Haft für unbequeme Denker

„Bisher ist es ein System der Angst, das die Rebellion verhindert.“ Jeder in Algerien wisse, dass Menschen jederzeit auf Nimmerwiedersehen verschwinden können. „Es findet eine Überwachung statt, die beispiellos ist“, so Keenan. Unbequeme Denker werden eingesperrt, wie der britisch-algerische Journalist Mohamed Tamalt. Er bekam eine zweijährige Haftstrafe für ein Gedicht auf Facebook, in dem Präsident Bouteflika kritisiert worden war. Im Gefängnis trat Tamalt als Protest gegen seine Inhaftierung in Hungerstreik. Im Dezember verstarb er unter seltsamen Umständen. „Amnesty International“ forderte eine unabhängige Untersuchung.
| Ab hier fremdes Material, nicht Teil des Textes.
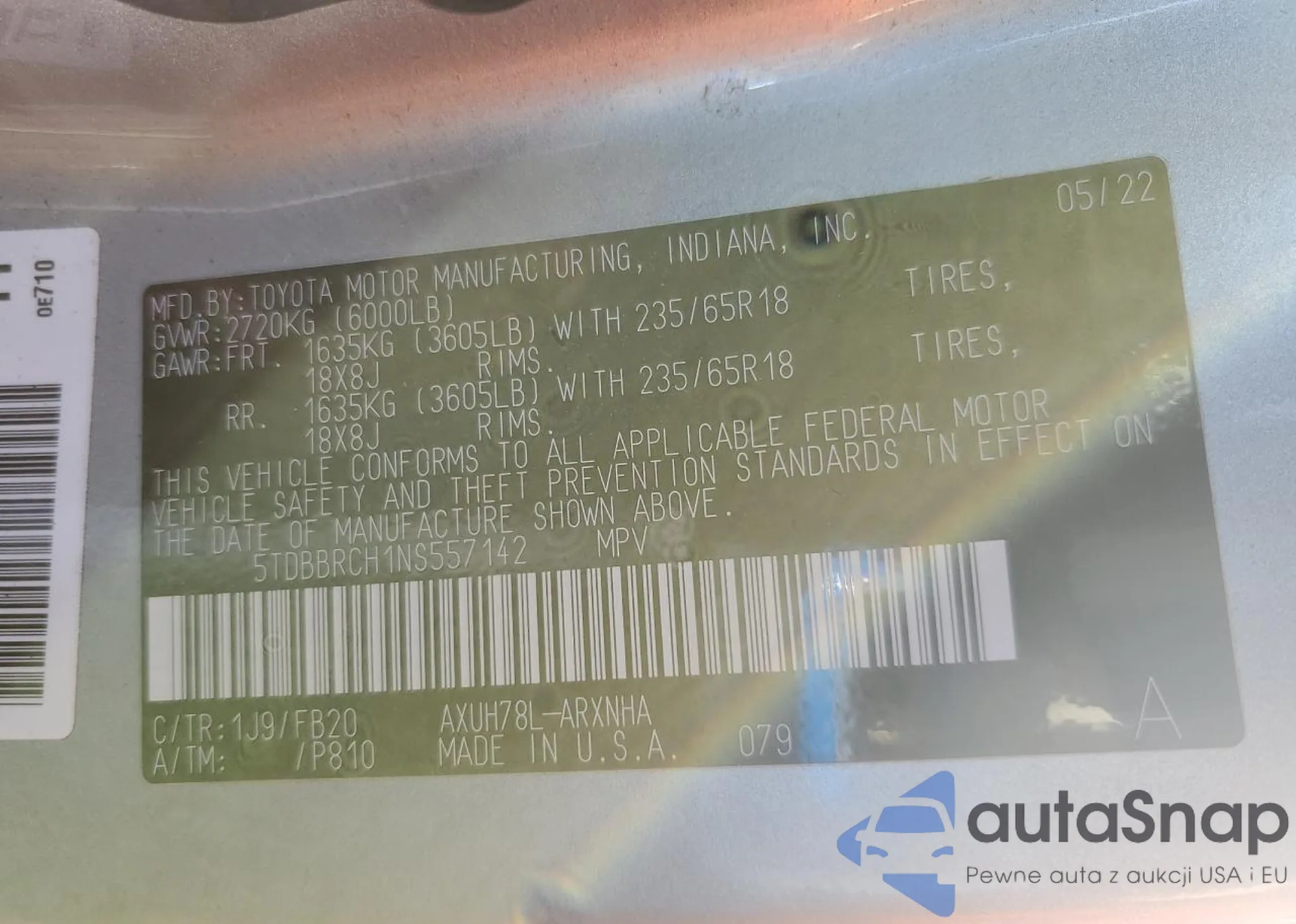 VIN: 5TDBBRCH1NS557142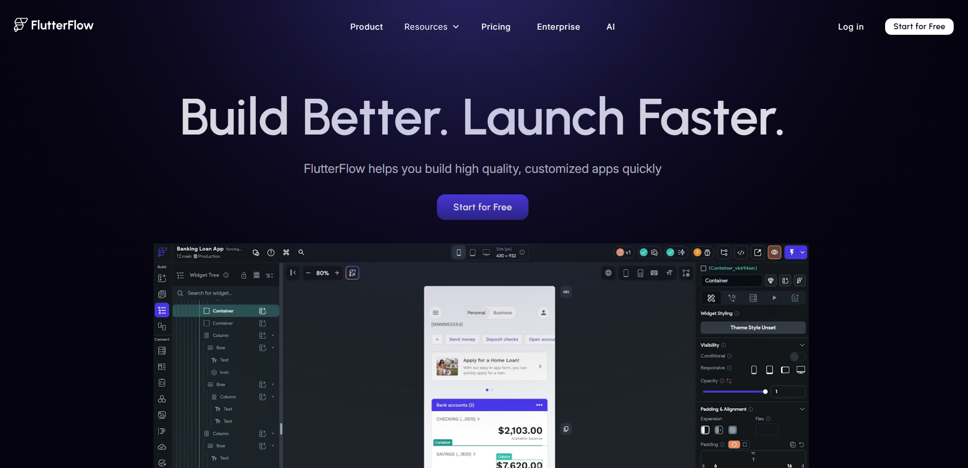 如果你的目标是开发原生移动 App 而非单纯的网页,FlutterFlow 是目前市面上效率最高的选择。它让设计师甚至能在不写一行代码的情况下,独立完成一个全功能 App 的开发与上架。

An eine Renaissance radikaler Islamisten glaubt Keenan nicht. „Es gibt sicherlich Jihadisten, aber nicht so viele, wie einem die algerische Regierung weismachen will.“

Die gegenwärtige Strategie Algeriens sei nicht nachhaltig, schrieb das American Enterprise Institute vor wenigen Tagen. „Der Westen muss sich auf die schwerwiegenden ökonomischen und sicherheitspolitischen Konsequenzen einstellen.“

Zu diesen Konsequenzen dürfte auch eine neue Flüchtlingswelle gehören. Sobald staatliche Strukturen zusammenbrechen, sagen die Erfahrungen in Libyen und Tunesien, ist die Zeit der Menschenschlepper gekommen. Sie werden von Algerien aus erneut Zehntausende von Flüchtlingen in völlig überfüllten, lebensgefährlichen Booten Richtung Europa schicken.

AUF EINEN BLICK

Die algerische Präsident Abdelaziz Bouteflika ist seit 1999 an der Macht. Seit mehreren Jahren gilt der 79-jährige Staatschef jedoch als schwer krank. Ein Tod Bouteflikas könnte der Auslöser für Chaos und Unruhen in dem nordafrikanischen Land sein. Die Bevölkerung ist unzufrieden über die massive Korruption und die repressive Herrschaft des Regimes. Die Jugendarbeitslosigkeit ist extrem hoch.